Description
BPC-157 Research Peptide (10 mg)
BPC-157 is a synthetic pentadecapeptide. This 15–amino acid fragment has been extensively characterized in peer-reviewed in-vitro and animal model research spanning three decades.
Structural Characteristics
BPC-157 is a linear peptide lacking disulfide bonds. Its remarkable stability derives primarily from four proline residues at positions 3, 4, 5, and 8, including a distinctive triple-proline (PPP) motif.
This proline-rich sequence introduces conformational rigidity that strongly resists proteolytic degradation by trypsin, chymotrypsin, and catheptic proteases.

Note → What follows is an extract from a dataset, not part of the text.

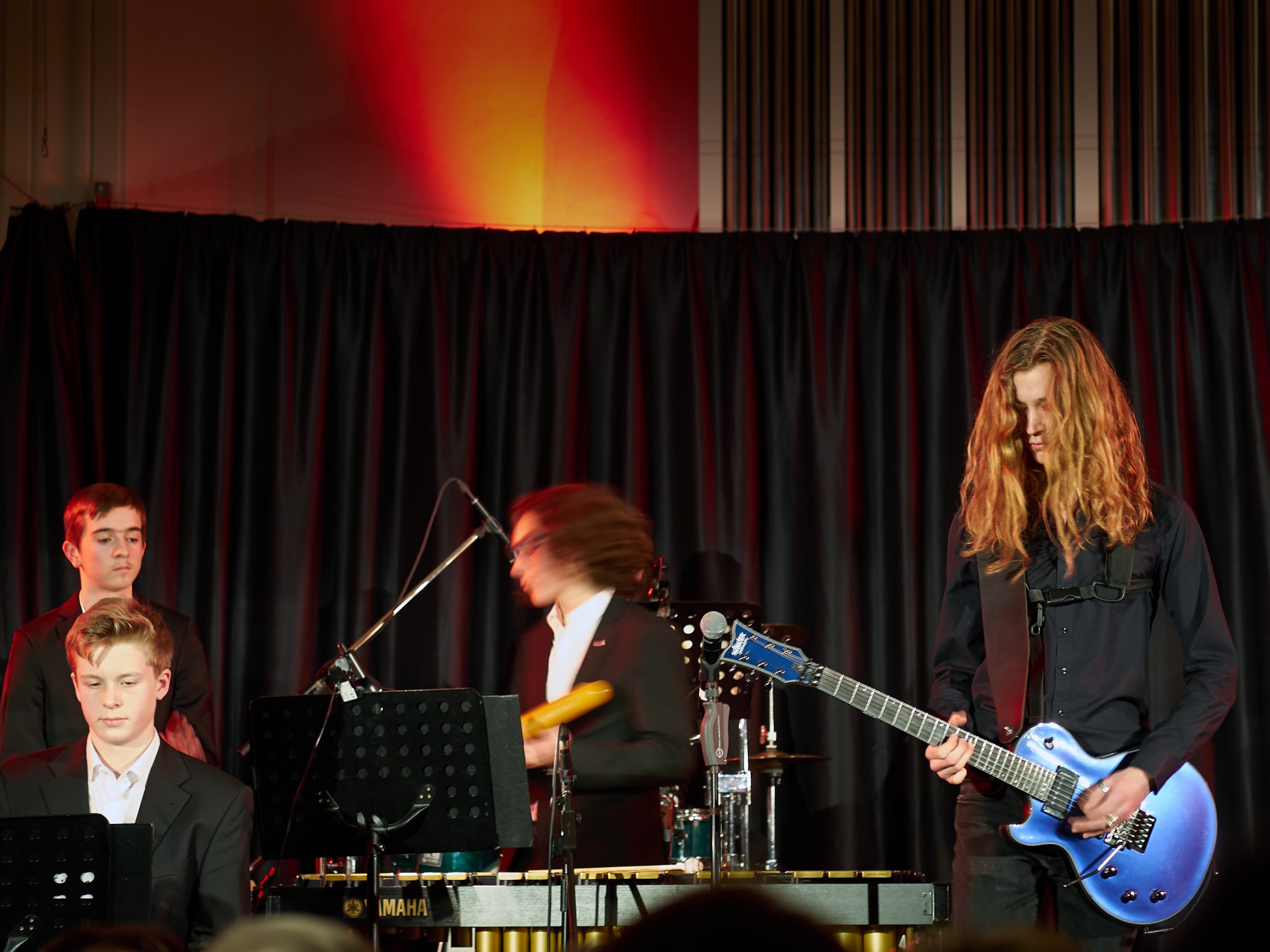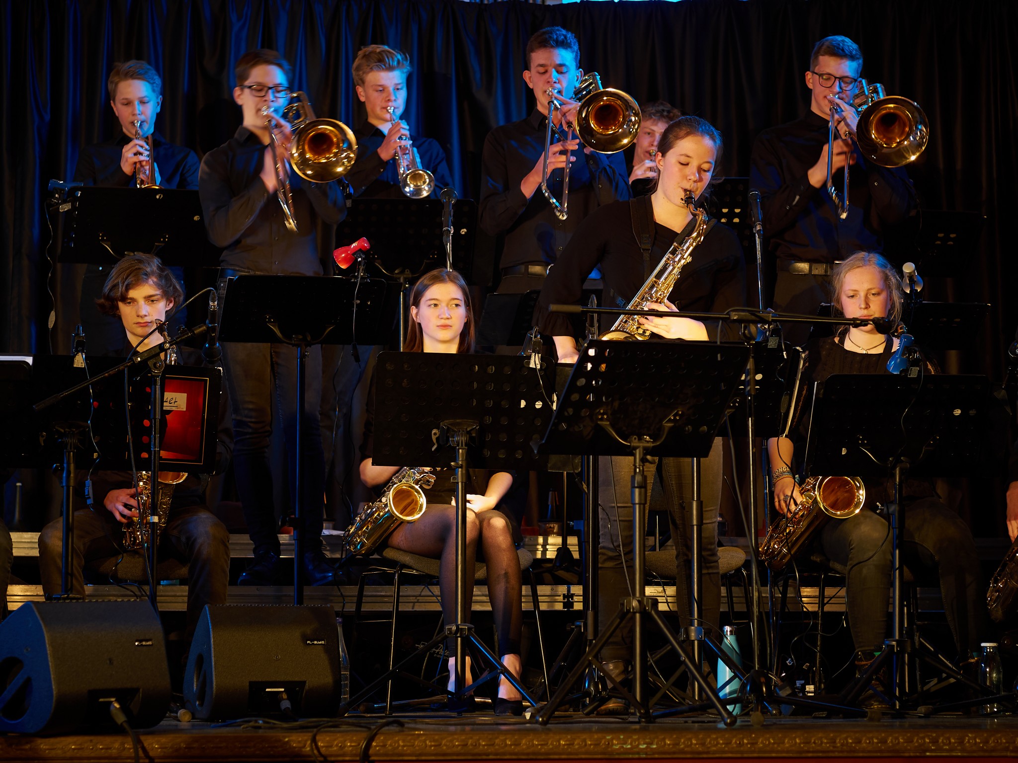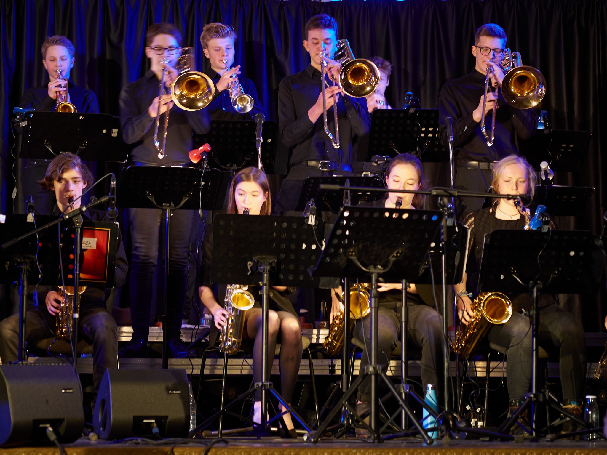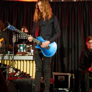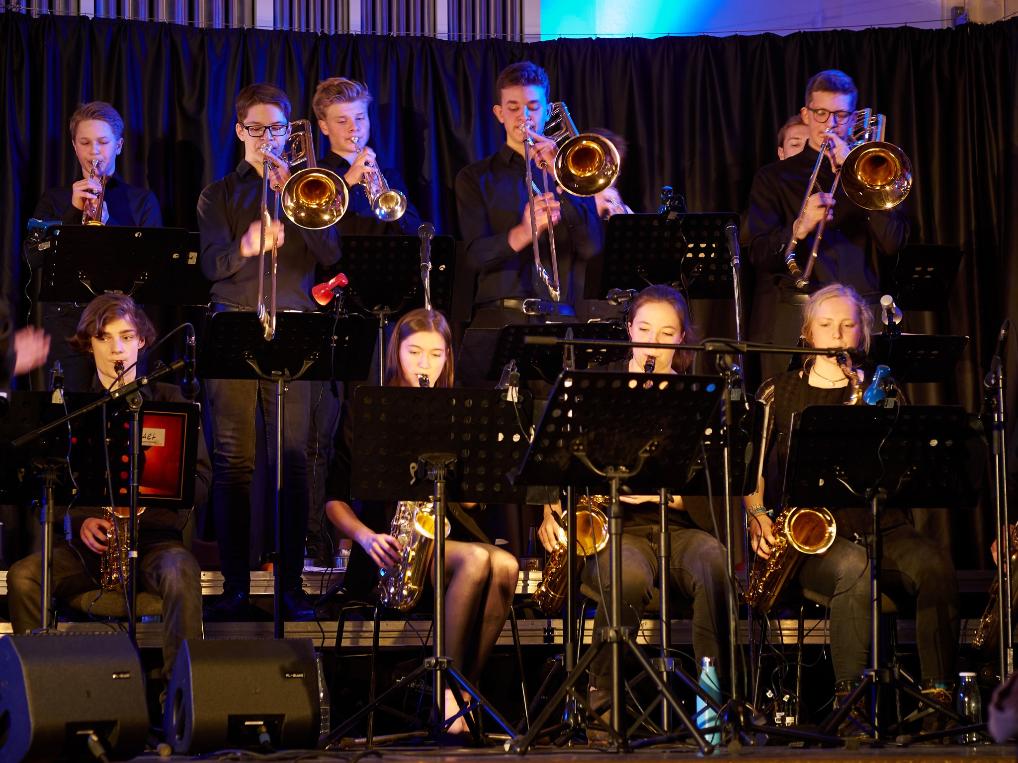 Neben den Soli der Trompeten, Saxophone und Posaunen besaß auch ein Großteil der Rhythmusgruppe die Ehre, ein Solo zu spielen. Generell kennt man eine Bigband mit der unterstützenden Rhythmusgruppe und den Solo-Einlagen der Bläser. Doch unsere Bigband ist eben besonders, denn zu den „klassischen“ Soli der Bläser kamen auch regelmäßig atemberaubende Einsätze der Rhythmusgruppe. So zeigten z.B. auch die Schlagzeuger und der Pianist ihr Talent. Einige begeisterten das Publikum so sehr, dass sie zum Gesprächsthema in der Pause wurden. Darunter der Pianist Jonte Schröder, wohlgemerkt ein Achtklässler !!, der bewies, auf dem Niveau der ganz Großen mitspielen zu können. Seine mehrfachen Soli führten zu Begeisterungsstürmen. Er hat eindrucksvoll bewiesen, dass man für Jazz nie zu jung ist. Aber auch die „alten Hasen“ spielten mal wieder einzigartig. Die gesamte Band wirkte im Einklang, sodass eine gewisse Musikbegeisterung bei jedem ausgelöst wurde. Überall sah man Fußspitzen im Takt wippen oder Hände zum Takt auf den Oberschenkel klatschen. Eine Atmosphäre, die sehr selten in der Aula vorkommt, besonders wenn man bedenkt, dass dort sonst Klausuren geschrieben werden.

Characterized Signaling Pathways
Published research has identified multiple cellular signaling interactions:
Nitric Oxide Signaling (eNOS)
Research by Hsieh et al. (Scientific Reports, 2020) demonstrated that BPC-157 induces phosphorylation of eNOS at Ser1177 through the Src–Caveolin-1–eNOS signaling cascade, reducing inhibitory Cav-1–eNOS complex formation and enabling NO production.
VEGFR2 Pathway
Studies show BPC-157 upregulates VEGFR2 mRNA and protein expression in vascular endothelial cells, promoting receptor internalization and activating downstream VEGFR2–Akt–eNOS signaling (Hsieh et al., Journal of Molecular Medicine, 2017).
Growth Hormone Receptor
cDNA microarray analysis identified GHR as abundantly upregulated following BPC-157 treatment, with dose-dependent increases reaching up to 7-fold elevation in both mRNA and protein levels (Chang et al., Molecules, 2014).
FAK–Paxillin Cascade
Western blot analysis confirmed dose-dependent increases in phosphorylation of both FAK and paxillin, correlating with enhanced fibroblast migration and F-actin formation (Chang et al., Journal of Applied Physiology, 2011).